On 2/15/21 1:15 PM, Joe Abbate wrote:
Hello,
We've been experiencing PG server process crashes about every other week
on a mostly read only website (except for a single insert/update on page
access). Typical log entries look like
LOG: checkpointer process (PID 11200) was terminated by signal 9: Killed
LOG: terminating any other active server processes
Have you looked at the system logs to see if the OOM killer is involved?
Other than the checkpointer, the server process that was terminated was
either doing a "BEGIN READ WRITE", a "COMMIT" or executing a specific
SELECT.
The database is always recovered within a second and everything else
appears to resume normally. We're not certain about what triggers this,
but in several instances the web logs show an external bot issuing
multiple HEAD requests on what is logically a single page. The web
server logs show "broken pipe" and EOF errors, and PG logs sometimes
shows a number of "incomplete startup packet" messages before the
termination message.
This started roughly when the site was migrated to Go, whose web
"processes" run as "goroutines", scheduled by Go's runtime (previously
the site used Python and Gunicorn to serve the pages, which probably
isolated the PG processes from a barrage of nearly simultaneous requests).

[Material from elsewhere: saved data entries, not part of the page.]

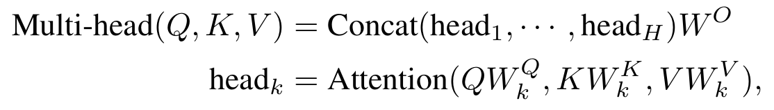 - "Multi-head Attention"은 이 논문에서 설명하는 식이고, "Attention formulation"는 논문 Attention is all you need 에서 설명하는 Attention의 구조 식 (이 둘을 비교하면서 보면 이해가 쉬움)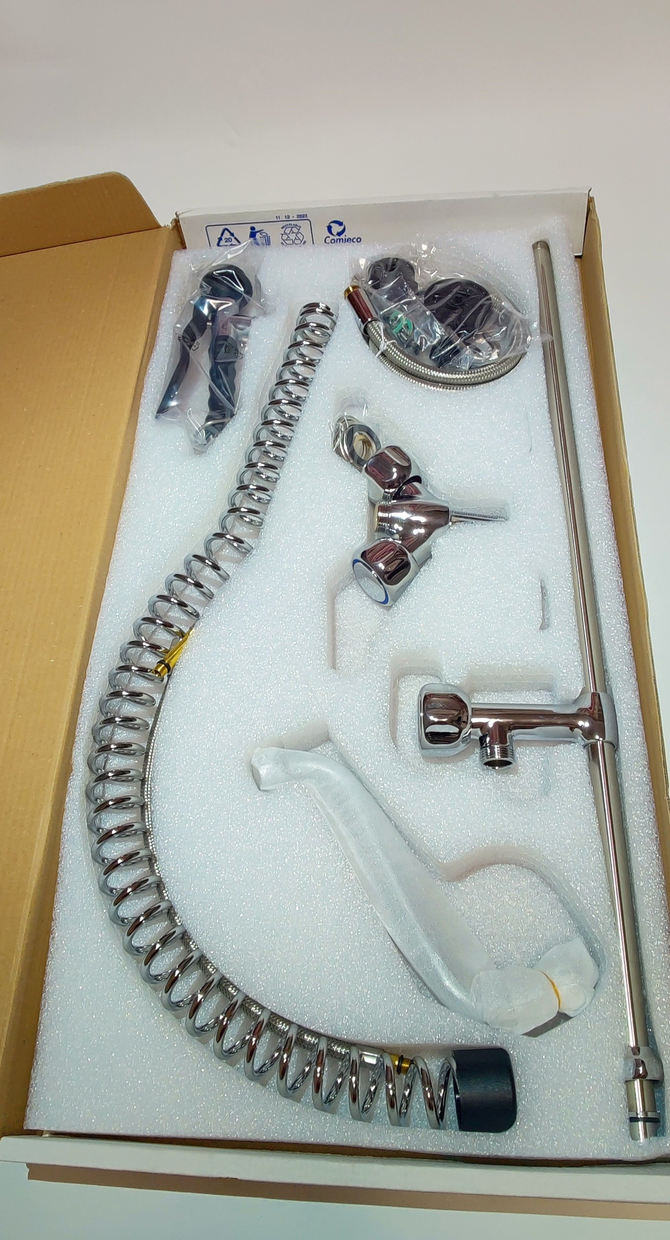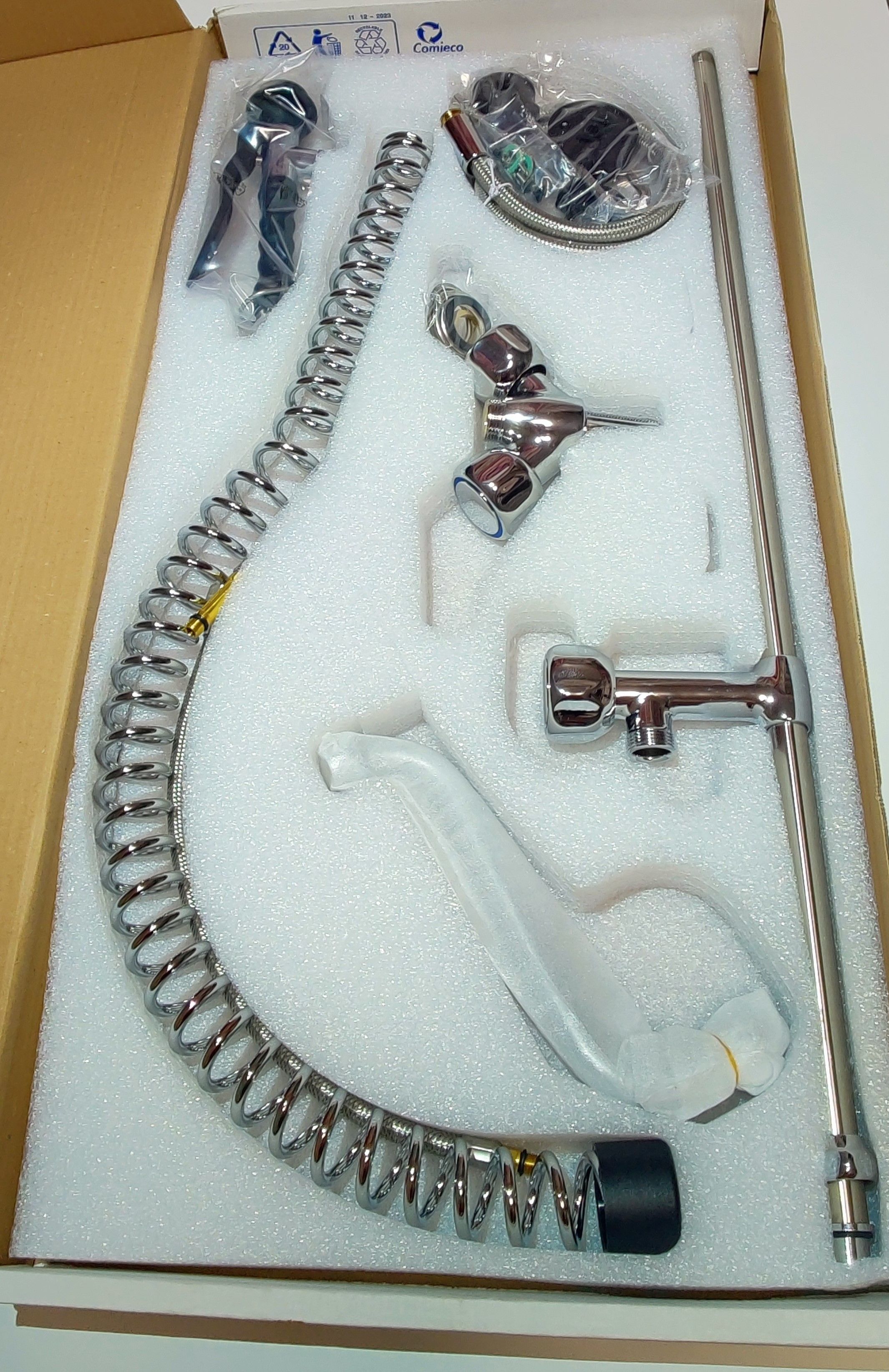 Комплектация - душ, шланг с двумя гайками G 1/2’’ (дюйма), держатель душа.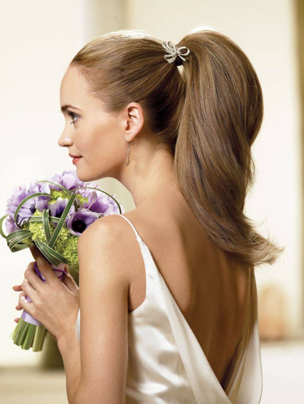 Lors de défilés de mode, on pouvait noter des cheveux parfaitement lisses. Cette coiffure convient aux cheveux de toute longueur, donnant à la mariée un look séduisant. Ce style a fière allure avec de grandes boucles d'oreilles.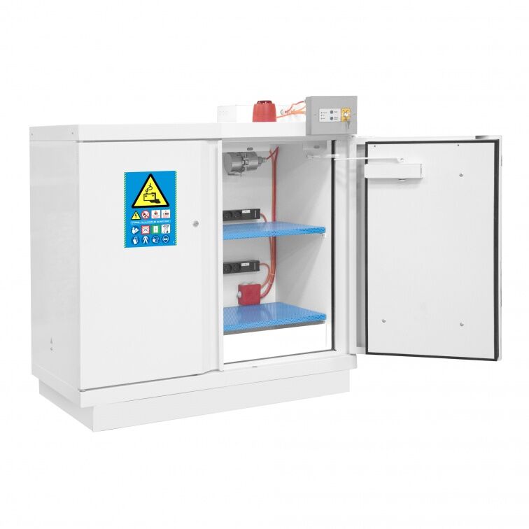 Lithium-ion batteries will be indispensable in all industrial applications in the coming years. However, if used improperly, batteries can pose a potential hazard during production, storage and transportation that should not be underestimated. By purchasing a suitable safety cabinet, you can protect yourself from the outset against major financial losses that can be caused by battery fires, for example.

As I understand it, the PG server processes doing a SELECT are spawned
as children of the Go process, so presumably if a "goroutine" dies, the
associated PG process would die too, but I'm not sure I grasp why that
would cause a recovery/restart. I also don't understand where the
checkpointer process fits in the picture (and what would cause it to die).
For the record, this is on PG 11.9 running on Debian.
TIA,
Joe
--
Adrian Klaver
adrian.klaver@xxxxxxxxxxx